- _Try it_
These entries must be printed again exactly as they are.

----

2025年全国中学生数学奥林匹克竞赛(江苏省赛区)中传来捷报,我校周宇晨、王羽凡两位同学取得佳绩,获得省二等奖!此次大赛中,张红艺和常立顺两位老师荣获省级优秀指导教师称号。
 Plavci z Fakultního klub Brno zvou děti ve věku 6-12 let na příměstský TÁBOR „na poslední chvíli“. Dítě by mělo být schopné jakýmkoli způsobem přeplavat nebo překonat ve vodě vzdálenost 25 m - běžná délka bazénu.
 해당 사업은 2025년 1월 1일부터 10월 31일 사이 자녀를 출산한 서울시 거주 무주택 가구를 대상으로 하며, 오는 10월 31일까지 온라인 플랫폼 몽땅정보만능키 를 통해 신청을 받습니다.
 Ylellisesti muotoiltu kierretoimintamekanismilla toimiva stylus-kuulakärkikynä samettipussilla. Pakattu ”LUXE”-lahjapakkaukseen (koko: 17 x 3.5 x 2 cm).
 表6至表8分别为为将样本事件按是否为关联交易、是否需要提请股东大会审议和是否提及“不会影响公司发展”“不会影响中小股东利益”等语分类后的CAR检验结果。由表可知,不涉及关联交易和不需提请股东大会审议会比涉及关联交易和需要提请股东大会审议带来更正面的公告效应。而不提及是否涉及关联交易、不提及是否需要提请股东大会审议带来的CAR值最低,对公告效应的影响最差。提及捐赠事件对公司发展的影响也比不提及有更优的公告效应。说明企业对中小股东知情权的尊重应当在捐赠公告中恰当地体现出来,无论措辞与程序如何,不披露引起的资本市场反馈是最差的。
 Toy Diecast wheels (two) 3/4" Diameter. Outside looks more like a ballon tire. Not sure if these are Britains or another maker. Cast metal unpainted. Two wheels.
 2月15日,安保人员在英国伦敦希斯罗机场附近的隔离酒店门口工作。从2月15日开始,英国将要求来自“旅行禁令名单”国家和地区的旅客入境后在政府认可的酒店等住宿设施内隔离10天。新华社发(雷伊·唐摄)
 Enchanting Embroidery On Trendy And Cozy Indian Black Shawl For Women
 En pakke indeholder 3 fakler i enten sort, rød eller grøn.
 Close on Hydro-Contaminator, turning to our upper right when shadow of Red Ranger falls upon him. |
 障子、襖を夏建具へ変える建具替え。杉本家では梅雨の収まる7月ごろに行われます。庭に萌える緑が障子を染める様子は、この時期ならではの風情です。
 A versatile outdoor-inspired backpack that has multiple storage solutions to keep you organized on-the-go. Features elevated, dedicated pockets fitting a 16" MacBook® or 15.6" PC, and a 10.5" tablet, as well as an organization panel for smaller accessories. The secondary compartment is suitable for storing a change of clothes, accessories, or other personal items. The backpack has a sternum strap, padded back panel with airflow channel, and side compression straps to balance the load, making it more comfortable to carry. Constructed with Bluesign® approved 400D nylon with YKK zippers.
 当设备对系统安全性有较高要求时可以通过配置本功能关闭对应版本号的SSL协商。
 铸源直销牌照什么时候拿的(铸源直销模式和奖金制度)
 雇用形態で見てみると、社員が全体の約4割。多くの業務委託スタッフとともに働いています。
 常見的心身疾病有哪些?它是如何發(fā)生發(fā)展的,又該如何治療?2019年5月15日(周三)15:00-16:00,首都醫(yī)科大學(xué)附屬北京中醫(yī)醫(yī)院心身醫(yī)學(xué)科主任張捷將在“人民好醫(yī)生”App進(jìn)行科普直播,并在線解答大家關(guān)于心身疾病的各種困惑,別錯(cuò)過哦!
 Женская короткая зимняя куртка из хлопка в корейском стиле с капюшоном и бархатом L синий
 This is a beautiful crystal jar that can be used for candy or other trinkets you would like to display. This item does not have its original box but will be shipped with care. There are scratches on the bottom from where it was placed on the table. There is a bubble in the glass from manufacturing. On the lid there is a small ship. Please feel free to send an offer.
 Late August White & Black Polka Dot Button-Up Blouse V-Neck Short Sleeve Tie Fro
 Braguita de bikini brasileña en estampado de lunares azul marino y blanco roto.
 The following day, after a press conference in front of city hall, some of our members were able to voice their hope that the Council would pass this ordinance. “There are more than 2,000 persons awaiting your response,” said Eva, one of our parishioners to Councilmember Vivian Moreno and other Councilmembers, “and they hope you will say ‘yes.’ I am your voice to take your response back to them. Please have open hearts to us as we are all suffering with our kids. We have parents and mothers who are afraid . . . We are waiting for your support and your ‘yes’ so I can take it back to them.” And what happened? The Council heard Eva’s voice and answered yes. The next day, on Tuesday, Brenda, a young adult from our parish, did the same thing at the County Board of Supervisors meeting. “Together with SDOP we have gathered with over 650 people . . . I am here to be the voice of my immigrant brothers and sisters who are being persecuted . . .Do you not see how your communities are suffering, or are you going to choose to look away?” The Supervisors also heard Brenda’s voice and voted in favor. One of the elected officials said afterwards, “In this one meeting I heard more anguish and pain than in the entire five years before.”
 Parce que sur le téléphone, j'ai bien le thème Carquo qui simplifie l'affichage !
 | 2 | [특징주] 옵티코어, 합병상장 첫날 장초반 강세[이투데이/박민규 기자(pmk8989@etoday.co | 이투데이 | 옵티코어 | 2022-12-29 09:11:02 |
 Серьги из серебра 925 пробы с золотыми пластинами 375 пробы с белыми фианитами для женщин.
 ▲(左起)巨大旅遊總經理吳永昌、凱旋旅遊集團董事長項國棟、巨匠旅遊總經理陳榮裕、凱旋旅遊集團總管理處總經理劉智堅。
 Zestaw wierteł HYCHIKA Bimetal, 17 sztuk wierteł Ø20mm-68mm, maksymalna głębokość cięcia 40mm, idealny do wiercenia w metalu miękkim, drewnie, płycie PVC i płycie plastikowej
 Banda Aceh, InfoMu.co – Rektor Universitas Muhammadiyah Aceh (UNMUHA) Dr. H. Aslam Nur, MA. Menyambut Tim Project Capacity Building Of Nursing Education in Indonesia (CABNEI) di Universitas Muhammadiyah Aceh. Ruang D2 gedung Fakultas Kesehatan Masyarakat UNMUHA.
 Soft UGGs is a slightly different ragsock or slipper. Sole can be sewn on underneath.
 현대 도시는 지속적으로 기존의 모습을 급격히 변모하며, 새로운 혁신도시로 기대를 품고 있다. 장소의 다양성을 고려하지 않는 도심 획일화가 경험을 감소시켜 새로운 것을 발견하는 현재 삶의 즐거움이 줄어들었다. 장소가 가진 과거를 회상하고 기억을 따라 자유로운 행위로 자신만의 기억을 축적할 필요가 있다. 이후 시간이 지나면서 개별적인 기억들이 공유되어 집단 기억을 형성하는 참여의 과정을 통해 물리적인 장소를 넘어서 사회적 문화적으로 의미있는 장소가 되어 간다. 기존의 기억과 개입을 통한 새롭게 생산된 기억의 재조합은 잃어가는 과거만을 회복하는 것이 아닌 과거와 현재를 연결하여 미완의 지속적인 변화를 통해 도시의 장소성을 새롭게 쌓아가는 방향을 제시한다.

----

- _Solved problem_
2025年全国中学生数学奥林匹克竞赛(江苏省赛区)中传来捷报,我校周宇晨、王羽凡两位同学取得佳绩,获得省二等奖!此次大赛中,张红艺和常立顺两位老师荣获省级优秀指导教师称号。
 Plavci z Fakultního klub Brno zvou děti ve věku 6-12 let na příměstský TÁBOR „na poslední chvíli“. Dítě by mělo být schopné jakýmkoli způsobem přeplavat nebo překonat ve vodě vzdálenost 25 m - běžná délka bazénu.
 해당 사업은 2025년 1월 1일부터 10월 31일 사이 자녀를 출산한 서울시 거주 무주택 가구를 대상으로 하며, 오는 10월 31일까지 온라인 플랫폼 몽땅정보만능키 를 통해 신청을 받습니다.
 Ylellisesti muotoiltu kierretoimintamekanismilla toimiva stylus-kuulakärkikynä samettipussilla. Pakattu ”LUXE”-lahjapakkaukseen (koko: 17 x 3.5 x 2 cm).
 表6至表8分别为为将样本事件按是否为关联交易、是否需要提请股东大会审议和是否提及“不会影响公司发展”“不会影响中小股东利益”等语分类后的CAR检验结果。由表可知,不涉及关联交易和不需提请股东大会审议会比涉及关联交易和需要提请股东大会审议带来更正面的公告效应。而不提及是否涉及关联交易、不提及是否需要提请股东大会审议带来的CAR值最低,对公告效应的影响最差。提及捐赠事件对公司发展的影响也比不提及有更优的公告效应。说明企业对中小股东知情权的尊重应当在捐赠公告中恰当地体现出来,无论措辞与程序如何,不披露引起的资本市场反馈是最差的。
 Toy Diecast wheels (two) 3/4" Diameter. Outside looks more like a ballon tire. Not sure if these are Britains or another maker. Cast metal unpainted. Two wheels.
 2月15日,安保人员在英国伦敦希斯罗机场附近的隔离酒店门口工作。从2月15日开始,英国将要求来自“旅行禁令名单”国家和地区的旅客入境后在政府认可的酒店等住宿设施内隔离10天。新华社发(雷伊·唐摄)
 Enchanting Embroidery On Trendy And Cozy Indian Black Shawl For Women
 En pakke indeholder 3 fakler i enten sort, rød eller grøn.
 Close on Hydro-Contaminator, turning to our upper right when shadow of Red Ranger falls upon him. |
 障子、襖を夏建具へ変える建具替え。杉本家では梅雨の収まる7月ごろに行われます。庭に萌える緑が障子を染める様子は、この時期ならではの風情です。
 A versatile outdoor-inspired backpack that has multiple storage solutions to keep you organized on-the-go. Features elevated, dedicated pockets fitting a 16" MacBook® or 15.6" PC, and a 10.5" tablet, as well as an organization panel for smaller accessories. The secondary compartment is suitable for storing a change of clothes, accessories, or other personal items. The backpack has a sternum strap, padded back panel with airflow channel, and side compression straps to balance the load, making it more comfortable to carry. Constructed with Bluesign® approved 400D nylon with YKK zippers.
 当设备对系统安全性有较高要求时可以通过配置本功能关闭对应版本号的SSL协商。
 铸源直销牌照什么时候拿的(铸源直销模式和奖金制度)
 雇用形態で見てみると、社員が全体の約4割。多くの業務委託スタッフとともに働いています。
 常見的心身疾病有哪些?它是如何發(fā)生發(fā)展的,又該如何治療?2019年5月15日(周三)15:00-16:00,首都醫(yī)科大學(xué)附屬北京中醫(yī)醫(yī)院心身醫(yī)學(xué)科主任張捷將在“人民好醫(yī)生”App進(jìn)行科普直播,并在線解答大家關(guān)于心身疾病的各種困惑,別錯(cuò)過哦!
 Женская короткая зимняя куртка из хлопка в корейском стиле с капюшоном и бархатом L синий
 This is a beautiful crystal jar that can be used for candy or other trinkets you would like to display. This item does not have its original box but will be shipped with care. There are scratches on the bottom from where it was placed on the table. There is a bubble in the glass from manufacturing. On the lid there is a small ship. Please feel free to send an offer.
 Late August White & Black Polka Dot Button-Up Blouse V-Neck Short Sleeve Tie Fro
 Braguita de bikini brasileña en estampado de lunares azul marino y blanco roto.
 The following day, after a press conference in front of city hall, some of our members were able to voice their hope that the Council would pass this ordinance. “There are more than 2,000 persons awaiting your response,” said Eva, one of our parishioners to Councilmember Vivian Moreno and other Councilmembers, “and they hope you will say ‘yes.’ I am your voice to take your response back to them. Please have open hearts to us as we are all suffering with our kids. We have parents and mothers who are afraid . . . We are waiting for your support and your ‘yes’ so I can take it back to them.” And what happened? The Council heard Eva’s voice and answered yes. The next day, on Tuesday, Brenda, a young adult from our parish, did the same thing at the County Board of Supervisors meeting. “Together with SDOP we have gathered with over 650 people . . . I am here to be the voice of my immigrant brothers and sisters who are being persecuted . . .Do you not see how your communities are suffering, or are you going to choose to look away?” The Supervisors also heard Brenda’s voice and voted in favor. One of the elected officials said afterwards, “In this one meeting I heard more anguish and pain than in the entire five years before.”
 Parce que sur le téléphone, j'ai bien le thème Carquo qui simplifie l'affichage !
 | 2 | [특징주] 옵티코어, 합병상장 첫날 장초반 강세[이투데이/박민규 기자(pmk8989@etoday.co | 이투데이 | 옵티코어 | 2022-12-29 09:11:02 |
 Серьги из серебра 925 пробы с золотыми пластинами 375 пробы с белыми фианитами для женщин.
 ▲(左起)巨大旅遊總經理吳永昌、凱旋旅遊集團董事長項國棟、巨匠旅遊總經理陳榮裕、凱旋旅遊集團總管理處總經理劉智堅。
 Zestaw wierteł HYCHIKA Bimetal, 17 sztuk wierteł Ø20mm-68mm, maksymalna głębokość cięcia 40mm, idealny do wiercenia w metalu miękkim, drewnie, płycie PVC i płycie plastikowej
 Banda Aceh, InfoMu.co – Rektor Universitas Muhammadiyah Aceh (UNMUHA) Dr. H. Aslam Nur, MA. Menyambut Tim Project Capacity Building Of Nursing Education in Indonesia (CABNEI) di Universitas Muhammadiyah Aceh. Ruang D2 gedung Fakultas Kesehatan Masyarakat UNMUHA.
 Soft UGGs is a slightly different ragsock or slipper. Sole can be sewn on underneath.
 현대 도시는 지속적으로 기존의 모습을 급격히 변모하며, 새로운 혁신도시로 기대를 품고 있다. 장소의 다양성을 고려하지 않는 도심 획일화가 경험을 감소시켜 새로운 것을 발견하는 현재 삶의 즐거움이 줄어들었다. 장소가 가진 과거를 회상하고 기억을 따라 자유로운 행위로 자신만의 기억을 축적할 필요가 있다. 이후 시간이 지나면서 개별적인 기억들이 공유되어 집단 기억을 형성하는 참여의 과정을 통해 물리적인 장소를 넘어서 사회적 문화적으로 의미있는 장소가 되어 간다. 기존의 기억과 개입을 통한 새롭게 생산된 기억의 재조합은 잃어가는 과거만을 회복하는 것이 아닌 과거와 현재를 연결하여 미완의 지속적인 변화를 통해 도시의 장소성을 새롭게 쌓아가는 방향을 제시한다.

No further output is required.